## Data section
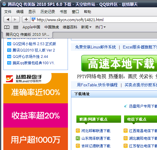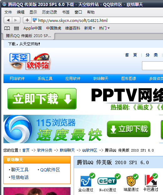 打开天空软件站的任一内页(http://www.skycn.com/soft/14821.html),这个是某某软件的下载页面。天空软件站旧版Logo依稀可见,大概是天空难以忘却曾经的辉煌吧。
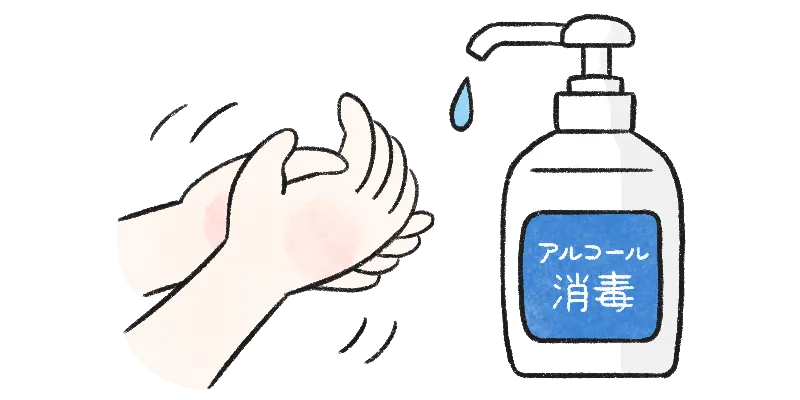 消毒剤を手のひらに取り、「手のひら→手の甲→指先・爪の間→指の間→親指→手首」の順で手全体によくすり込んで、自然に乾かします。
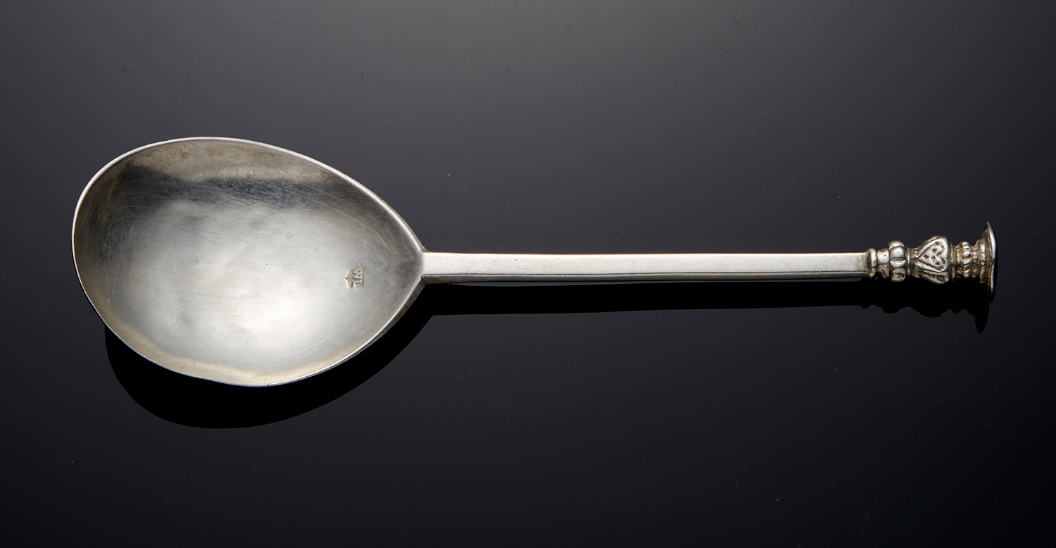 The large seal top engraved with initials MN IS, the large fig shaped bowl stamped with maker's mark WL then another three times on the stem, 53 grams, 17.8cm

## Work to complete
What you return should be the exact lines from the one containing "消毒剤を手のひらに取り、「手" through the end of the listing above, both included, minus any pictures.

## Response to this exercise
 消毒剤を手のひらに取り、「手のひら→手の甲→指先・爪の間→指の間→親指→手首」の順で手全体によくすり込んで、自然に乾かします。
 The large seal top engraved with initials MN IS, the large fig shaped bowl stamped with maker's mark WL then another three times on the stem, 53 grams, 17.8cm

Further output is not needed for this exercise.